_Exercise aim_:
Repeat only what runs from the line with "Ο - εκ Χανίων" through the last line of the data below, both included, keeping every word as it is and leaving out the pictures.

Data entries
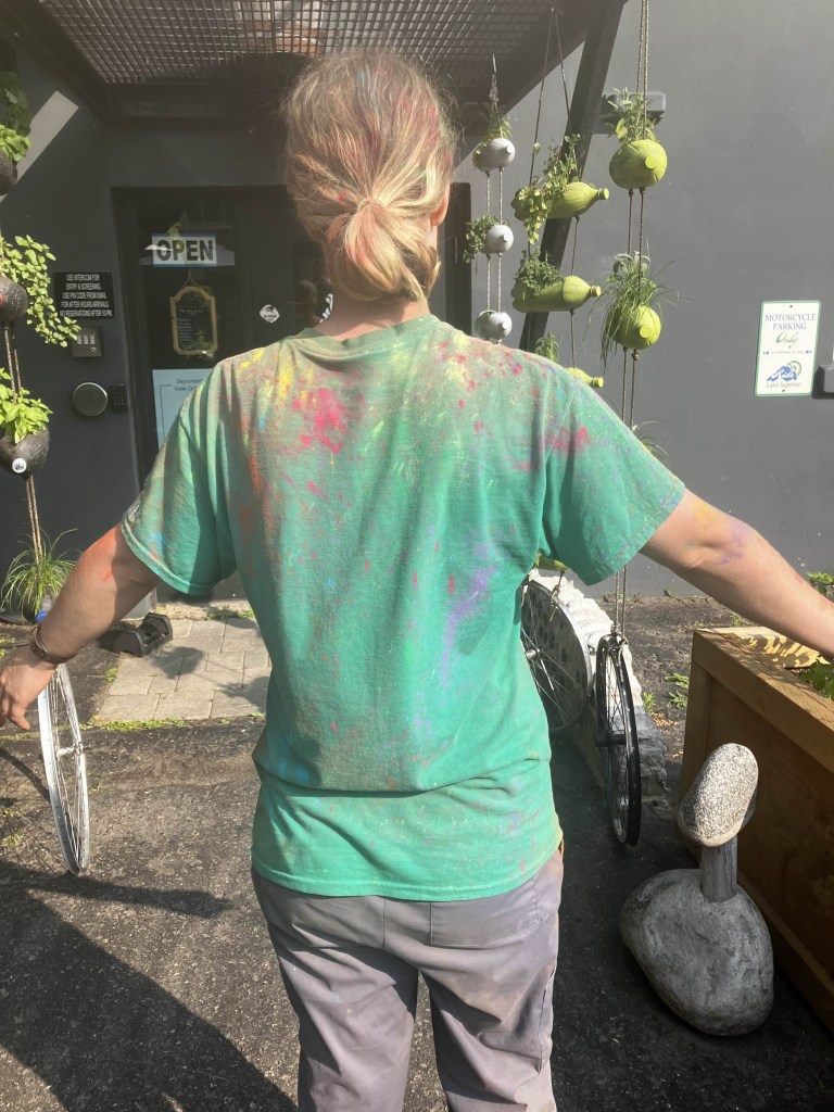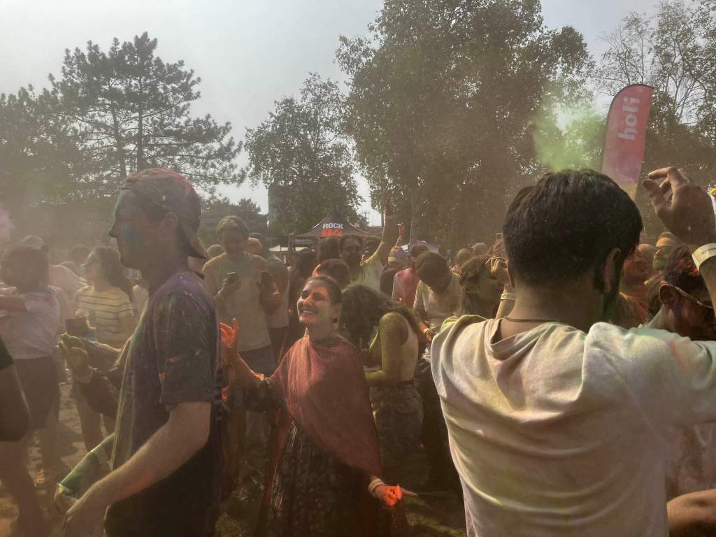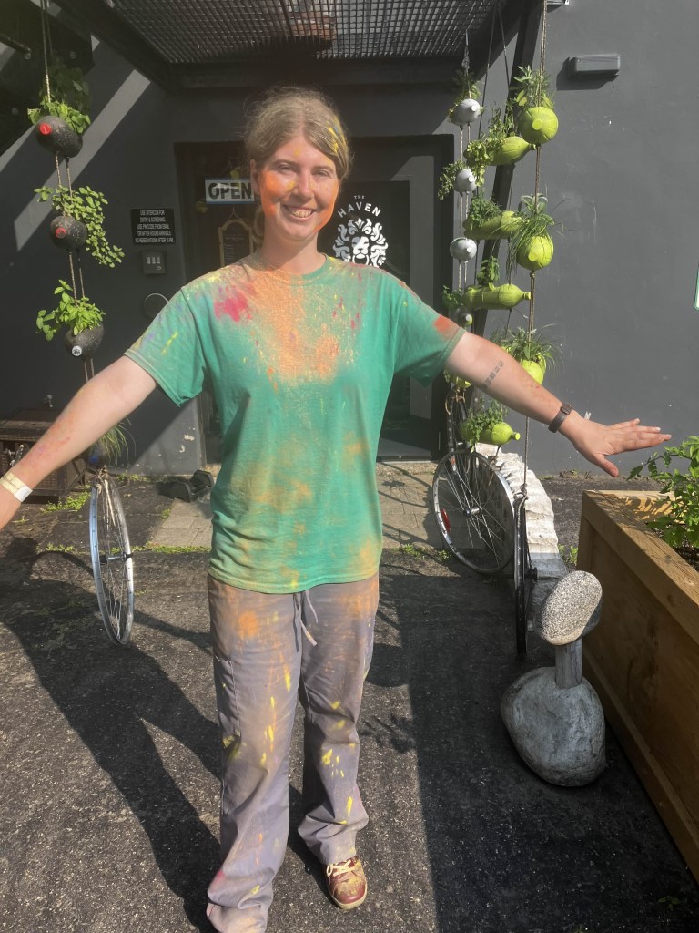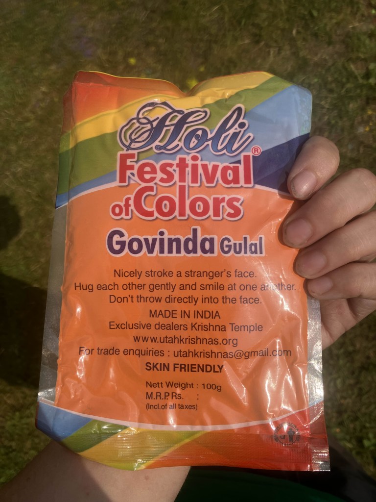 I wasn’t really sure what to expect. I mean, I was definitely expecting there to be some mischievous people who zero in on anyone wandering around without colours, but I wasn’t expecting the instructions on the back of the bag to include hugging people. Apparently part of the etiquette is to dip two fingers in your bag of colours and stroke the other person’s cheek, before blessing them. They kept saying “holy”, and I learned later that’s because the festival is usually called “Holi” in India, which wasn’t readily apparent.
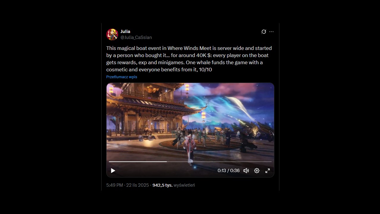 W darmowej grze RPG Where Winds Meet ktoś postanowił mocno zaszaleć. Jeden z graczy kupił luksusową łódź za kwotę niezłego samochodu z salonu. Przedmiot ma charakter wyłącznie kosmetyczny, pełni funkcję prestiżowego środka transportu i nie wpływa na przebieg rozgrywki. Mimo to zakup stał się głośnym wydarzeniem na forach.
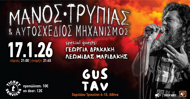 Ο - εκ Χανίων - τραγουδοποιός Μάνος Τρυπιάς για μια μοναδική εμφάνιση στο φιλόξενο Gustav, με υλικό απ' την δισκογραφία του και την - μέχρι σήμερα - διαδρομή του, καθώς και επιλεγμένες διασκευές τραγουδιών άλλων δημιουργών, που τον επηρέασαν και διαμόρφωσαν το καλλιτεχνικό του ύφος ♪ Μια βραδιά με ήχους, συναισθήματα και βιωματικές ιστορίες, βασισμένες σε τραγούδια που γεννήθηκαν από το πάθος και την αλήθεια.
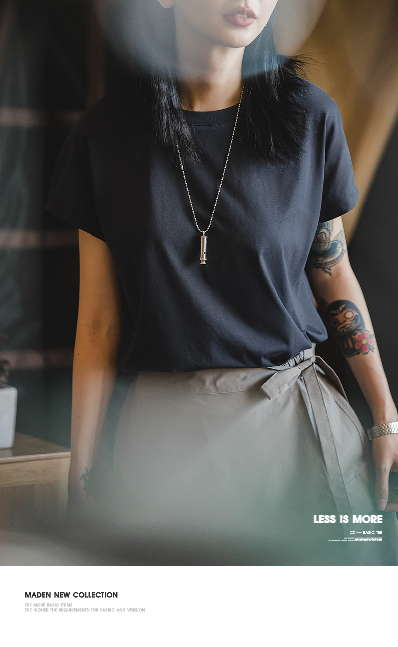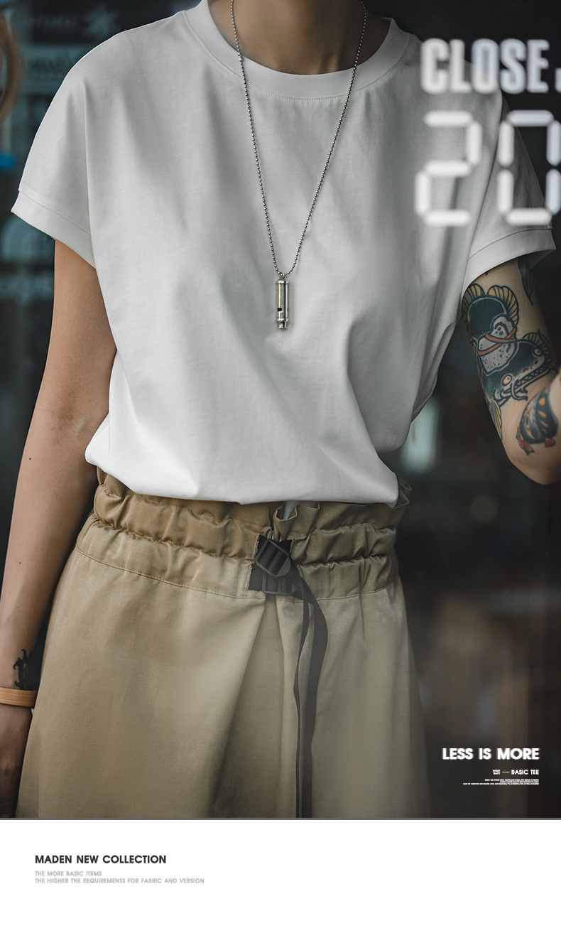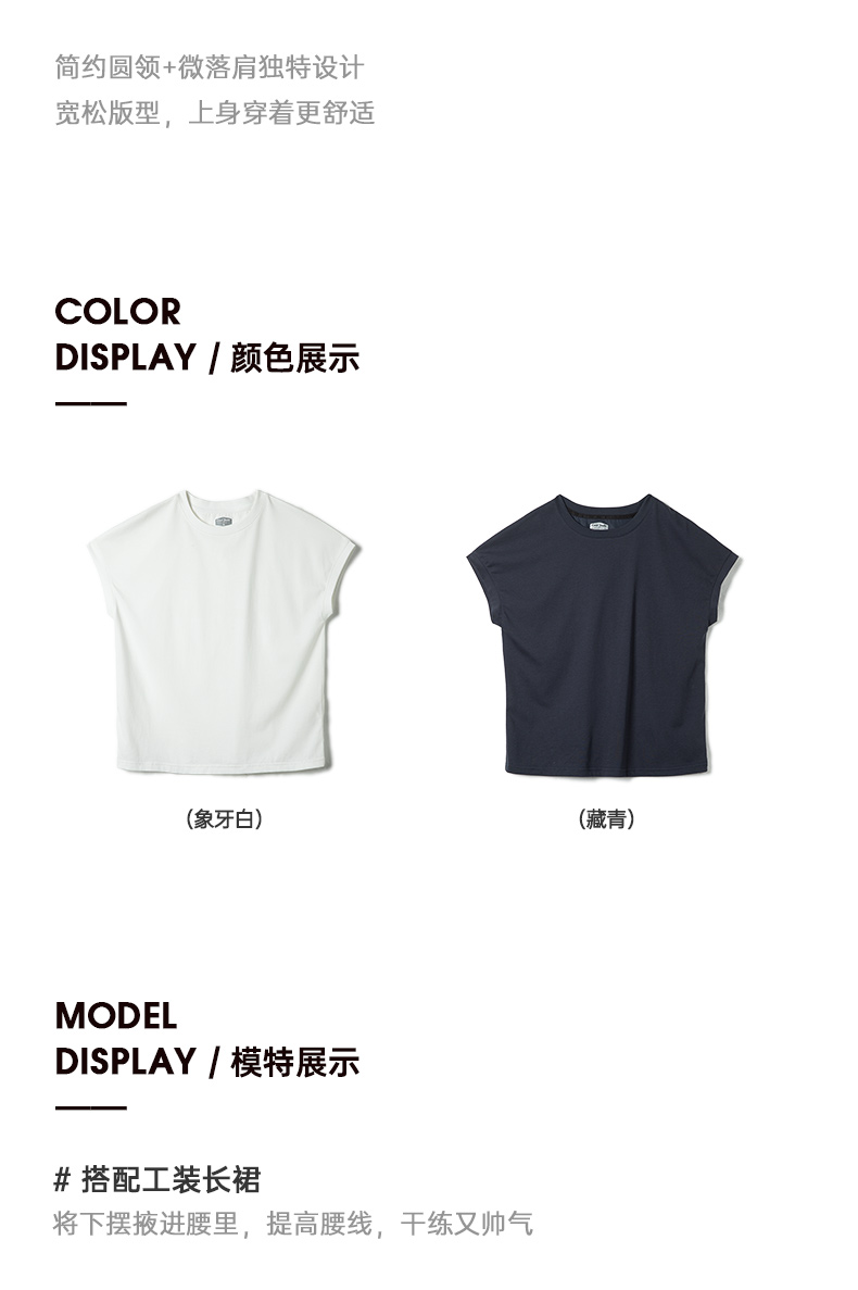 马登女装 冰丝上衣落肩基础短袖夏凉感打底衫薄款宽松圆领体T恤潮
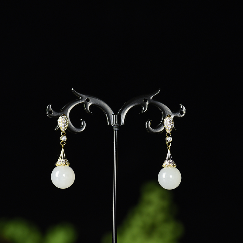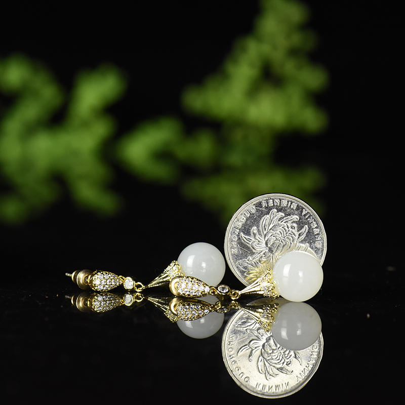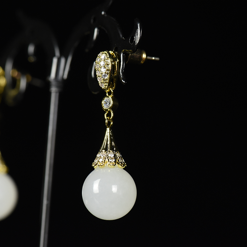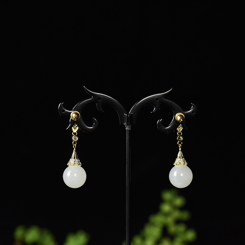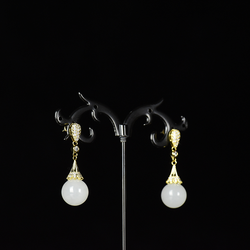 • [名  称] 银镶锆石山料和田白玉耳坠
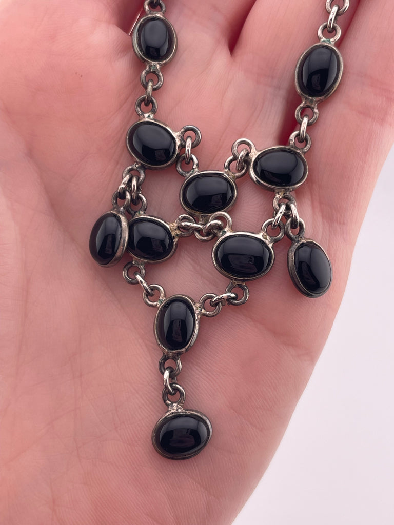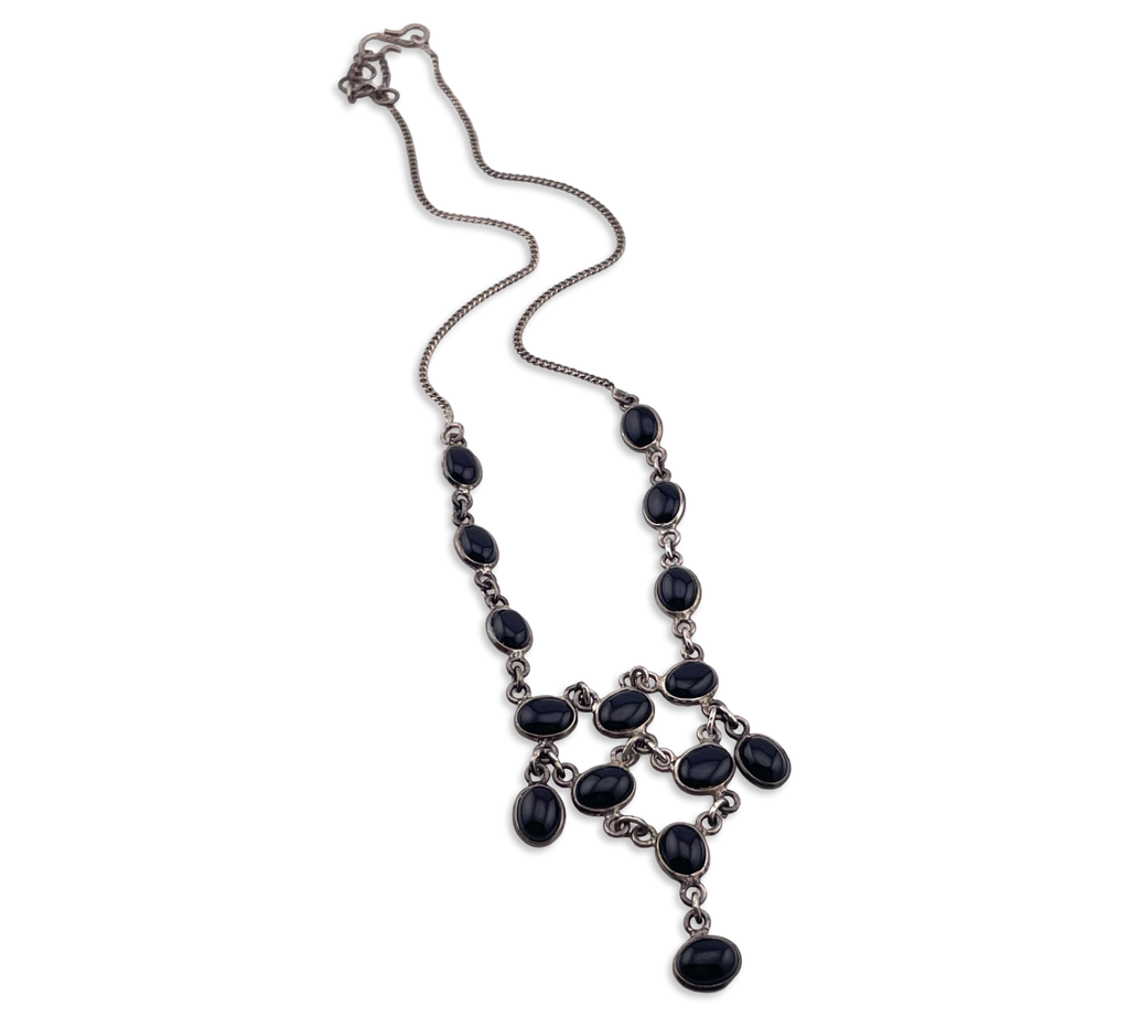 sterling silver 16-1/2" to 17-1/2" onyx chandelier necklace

_Reply_:
 Ο - εκ Χανίων - τραγουδοποιός Μάνος Τρυπιάς για μια μοναδική εμφάνιση στο φιλόξενο Gustav, με υλικό απ' την δισκογραφία του και την - μέχρι σήμερα - διαδρομή του, καθώς και επιλεγμένες διασκευές τραγουδιών άλλων δημιουργών, που τον επηρέασαν και διαμόρφωσαν το καλλιτεχνικό του ύφος ♪ Μια βραδιά με ήχους, συναισθήματα και βιωματικές ιστορίες, βασισμένες σε τραγούδια που γεννήθηκαν από το πάθος και την αλήθεια.
 马登女装 冰丝上衣落肩基础短袖夏凉感打底衫薄款宽松圆领体T恤潮
 • [名  称] 银镶锆石山料和田白玉耳坠
 sterling silver 16-1/2" to 17-1/2" onyx chandelier necklace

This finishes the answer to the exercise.